The evil Muses: Mary Testa as Melpomene (who was mother of the Sirens - "My daughters, the sirens? They never call!") and Jackie Hoffman as Calliope ("I'm not wearing a bra.") camp it up and have a grand time, particularly during their rendition of "Evil Woman" backed up by the sirens with black ostrich-plume fans (Chicago, anyone?).

Musically, the show is firmly entrenched in the world of the Electric Light Orchestra from the movie soundtrack. Some songs have been added (the afore-mentioned "Evil Woman") along with "Strange Magic," "Fool," and "Have You Never Been Mellow." I was a bit disappointed in the "Dancin' " segment. Of the songs from the original movie, this was one that would seem to have offered an opportunity for a really impressive number with the mix of the 1940's style from Danny's memory, to Sonny's vision for the 1980's "Apex of the Arts" roller disco. Curtis Holbrook, dancing as a Young Danny in a flashback with Clio/Tangerine shows some superior tap skill, which could have been called on again for the "Dancin' " number that followed.
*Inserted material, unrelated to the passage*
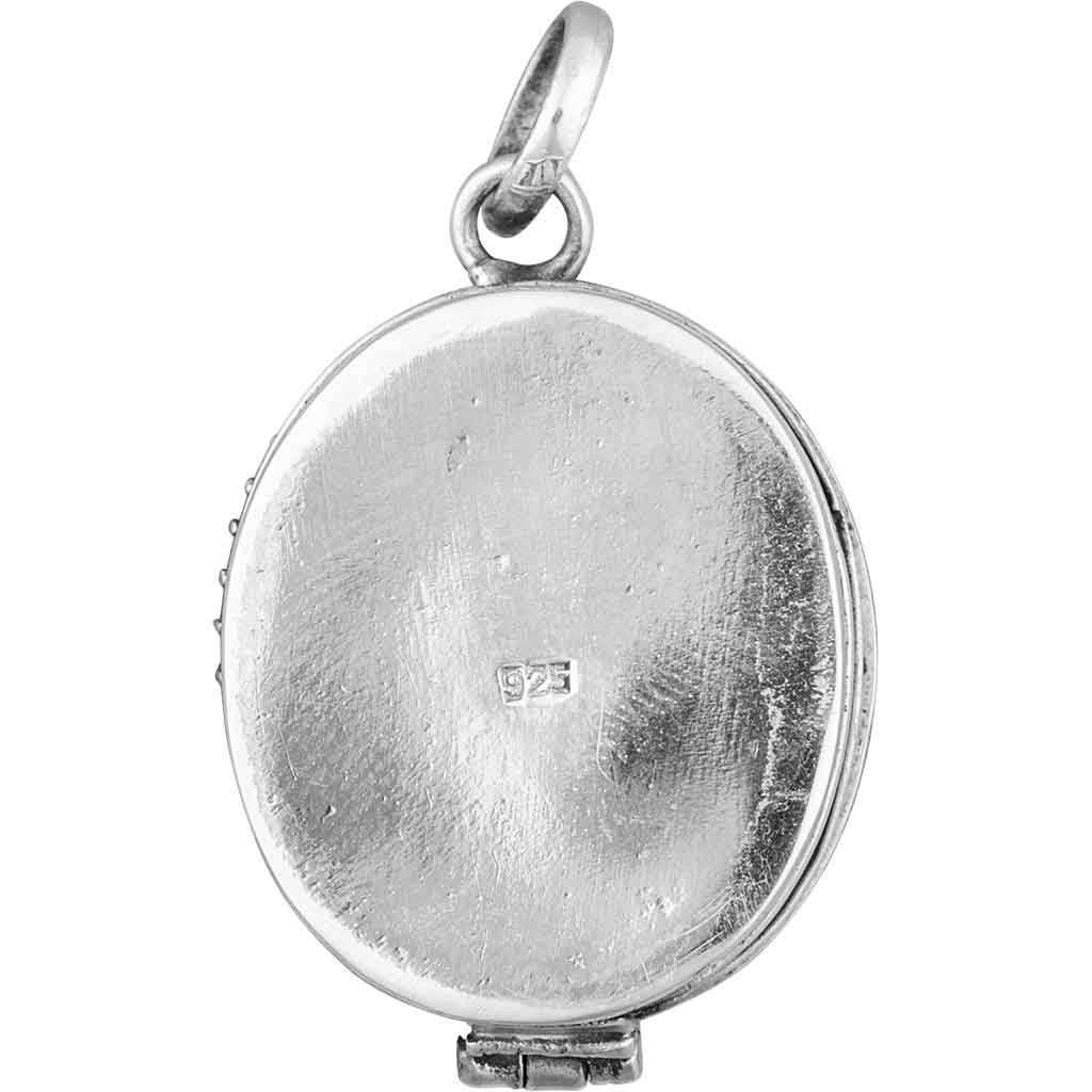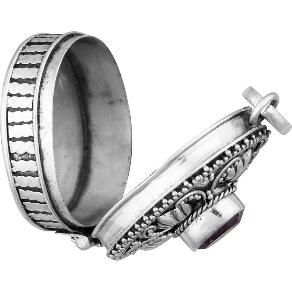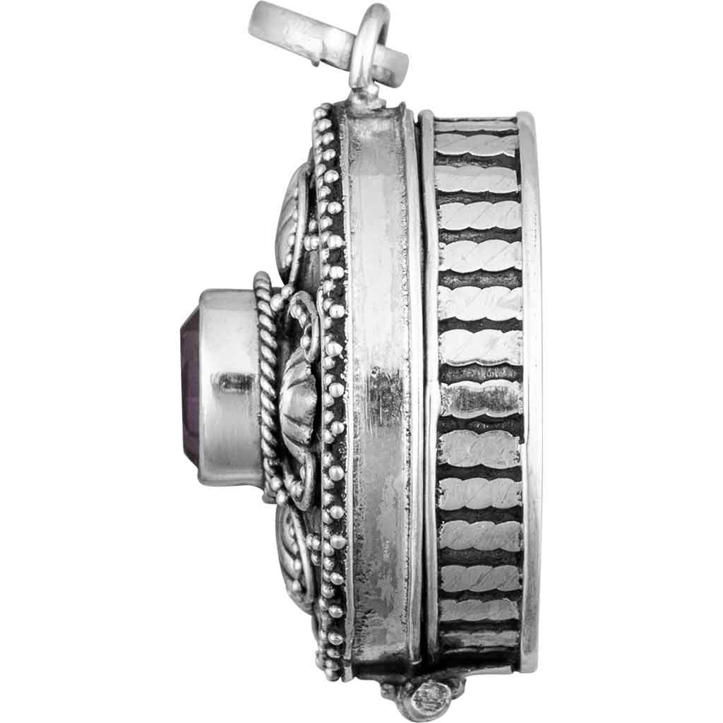 This locket pendant is crafted from 925 sterling silver, meaning it has 92.5% silver content. The center stone is a real Amethyst gemstone. The gemstone has a faceted cut and lends a stunning purple charm to the design that contrasts magnificently with the silver. The Amethyst is on a raised oval platform trimmed with twisted wire, perfect for showing it off. It’s hinged at the bottom so you can open it from the top.
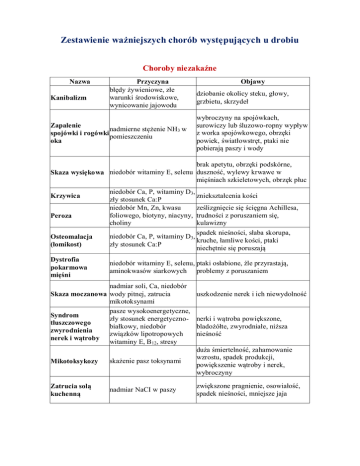 Zestawienie ważniejszych chorób występujących u drobiu Choroby niezakaźne Nazwa Kanibalizm Przyczyna błędy żywieniowe, złe warunki środowiskowe, wynicowanie jajowodu Zapalenie nadmierne stężenie NH3 w spojówki i rogówki pomieszczeniu oka Objawy dziobanie okolicy steku, głowy, grzbietu, skrzydeł wybroczyny na spojówkach, surowiczy lub śluzowo-ropny wypływ z worka spojówkowego, obrzęki powiek, światłowstręt, ptaki nie pobierają paszy i wody brak apetytu, obrzęki podskórne, Skaza wysiękowa niedobór witaminy E, selenu duszność, wylewy krwawe w mięśniach szkieletowych, obrzęk płuc Krzywica Peroza Osteomalacja (łomikost) Dystrofia pokarmowa mięśni niedobór Ca, P, witaminy D3, zniekształcenia kości zły stosunek Ca:P niedobór Mn, Zn, kwasu ześlizgnięcie się ścięgna Achillesa, foliowego, biotyny, niacyny, trudności z poruszaniem się, choliny kulawizny spadek nieśności, słaba skorupa, niedobór Ca, P, witaminy D3, kruche, łamliwe kości, ptaki zły stosunek Ca:P niechętnie się poruszają niedobór witaminy E, selenu, ptaki osłabione, źle przyrastają, aminokwasów siarkowych problemy z poruszaniem nadmiar soli, Ca, niedobór Skaza moczanowa wody pitnej, zatrucia mikotoksynami pasze wysokoenergetyczne, Syndrom zły stosunek energetycznotłuszczowego białkowy, niedobór zwyrodnienia związków lipotropowych nerek i wątroby witaminy E, B 12, stresy uszkodzenie nerek i ich niewydolność nerki i wątroba powiększone, bladożółte, zwyrodniałe, niższa nieśność Mikotoksykozy skażenie pasz toksynami duża śmiertelność, zahamowanie wzrostu, spadek produkcji, powiększenie wątroby i nerek, wybroczyny Zatrucia solą kuchenną nadmiar NaCI w paszy zwiększone pragnienie, osowiałość, spadek nieśności, mniejsze jaja Choroby inwazyjne Nazwa Kokcydioza Przyczyna choroby pierwotniaki z rodzaju Eimeria Trichomonadoza rzęs i stek (rzęsistkowica) Histomonadoza wiciowiec Histomonas meleagridis Glistnica (askarydioza) nicień Askaridia galli nicień Amidostomatoza Amidostomum anseris Gatunek wszystkie gatunki kury, indyki, gęsi Objawy biegunka, spadek apetytu, pragnienie, osowiałość, przydatki głowowe bledną, skrzydła i ogon opuszczone do ziemi, duża śmiertelność brak apetytu, senność, osowiałość, biegunka, rozdęcie jelit ślepych, zapalenie błony śluzowej jelit indyki, rzadziej kury brak apetytu, osowiałość, biegunka, zasinienie, bladość korali, zmiany w jelitach ślepych i wątrobie kury, indyki zahamowanie wzrostu, spadek produkcji, wychudzenie, nieżyt błony śluzowej jelit, obecność pasożytów w jelitach gęsi, rzadziej kaczki brak apetytu, osowiałość, zahamowanie wzrostu, biegunka, anemia, kłopoty z poruszaniem Choroby zakaźne bakteryjne Nazwa Przyczyna choroby Gatunek Objawy brak apetytu, osowiałość, biegunka, zapalenie spojówek, zaburzenia nerwowe i ruchowe, stan zapalny błony śluzowej, obrzęk narządów wewnętrznych utarta apetytu, zahamowanie wzrostu, biegunka, osowiałość, zmiany w narządach wewnętrznych utrata apetytu, duszność Salmoneloza pałeczki Salmonella Kolibakterioza patogenne wszystkie serotypy pałeczki gatunki okrężnicy E. coli Mikoplazmoza bakteria z rodziny Mycophswszystkie mataceae, gatunki Mycoplasma gallisepticurm kaszel, kichanie, wypływ śluzowo-surowiczy z nosa, zapalenie spojówek Pastereloza (cholera drobiu) pałeczka posocznicy krwotocznej Pasteurella multocida i P. haemolitica osowiałość, biegunka, wychudzenie, niedokrwistość, obrzęk stawów, kulawizna, stany zapalne narządów wewnętrznych wszystkie gatunki wszystkie gatunki senność, biegunka, wychudzenie, objawy żółtaczkowe, obrzęk narządów wewnętrznych, nieżyt błony śluzowej Kampylobakterioza bakterie z rodzaju Campylobacter Stafylokokoza gronkowiec złocisty wszystkie Staphylococcus gatunki aureus biegunka, osowiałość, zaburzenia ruchowe, obrzęk stawów, kulawizna Zakażenie Clostridium laseczki beztlenowe brak apetytu, biegunka, osowiałość, nekrotyczne zapalenie jelit kury brojlery Choroby zakaźne wirusowe Nazwa Przyczyna choroby Gatunek Zakaźne zapalenie wirus z rodziny kury torby Fabrycjusza Birnaviridae (Gumboro IBD) Rzekomy pomór drobiu (ND) szczepy lentomezokury, indyki geniczne wirusa ND Anemia zakaźna kurcząt (CA) ptasi Circovirus Syndrom spadku nieśności (EDS 76) adenowirus z II gr. kury adenowirusów ptasich Zespół złego wchłaniania reowirusy Zakaźne zapalenie wirus krtani i tchawicy z rodzaju Herpes (ILT) Syndrom obrzękłej głowy (SHS) Pneumovirus zaliczany do rodzaju paramyko- kurczęta kury, indyki kury kurczęta, kury Objawy brak apetytu, osowiałość, biegunka, drgawki, wybroczyny w mięśniach, zmiany w narządach wewnętrznych kichanie, rzężenie, duszność, skręty głowy i szyi zahamowanie wzrostu, anemia, zgorzelinowe zapalenie skóry, atrofia grasicy i torby Fabrycjusza, wybroczyny w tkance podskórnej i mięśniowej i błonie śluzowej żołądka gruczołowego spadek nieśności, małe jaja o chropowatej skorupie, odbarwienie skorupy, białko ulega rozrzedzeniu i zmętnieniu zahamowanie wzrostu, źle wykształcone, matowe, wypadające pióra, mięśnie piersiowe blade, w jelitach niestrawiona pasza, zmiany w narządach wewnętrznych trudności w oddychaniu, kicha nie, rzężenie, wyciek surowi czy z worków spojówkowych szyja wyciągnięta, otwarty dziób, postawa półprzysiadu senność, brak apetytu, kicha nie, łzawienie, zapalenie spojówek, obrzęk głowy, odbarwienie skorup, obręcze na Krwotoczne zapalenie jelit indyków (HE) wirusów wirus z II grupy indyki adenowirusów ptasich Zakaźne zapalenie nosa i tchawicy Pneumovirus indyków (TRT) Choroba Derzsy'ego wirus z rodziny Parroviridae Wirusowe zapalenie wirus Entavo-RNA wątroby kacząt indyki gęsi, kaczki piżmowe kaczęta skorupie apatia, krwawa biegunka, anemia, obrzęk śledziony, stan zapalny dwunastnicy kichanie, rzężenie, zapalenie spojówek, obrzęk zatok podoczołow

Douglas Carter Beane has beaten my fellow blogger Gil at Broadway Abridged to the punch with his book. Just check out his latest abridged show to see what I mean. Dan Knechtges' choreography drags the audience back to the days of "Solid Gold" from the outset. Some performers are more comfortable than others on roller skates, but repetition in previews will iron out any remaining wrinkles there. David Gallo's rink set evokes both a LA setting as well as lending itself to the Greek themes that periodically arise. Howell Binkley's lights complement nicely. I did wonder why the projection (using the circular mirror) of Sonny's chalk drawing of the Muses in the opening was upside down to the audience, though - difficult to recognize and connect the Muses to the actors when they enter in the opening number. David Zinn seems to have had a grand time creating the melange of Greek and 1980s revival costumes.

In the end, it's great fun and camp, but it still seems like it would be better suited in an Off-Broadway setting.

1 comment:

KC said...

Revivals. Revivals of revivals. Adaptations of things better left alone. Swaps between The West End and The Great White Way...

Can someone please come up with something new? Anyone?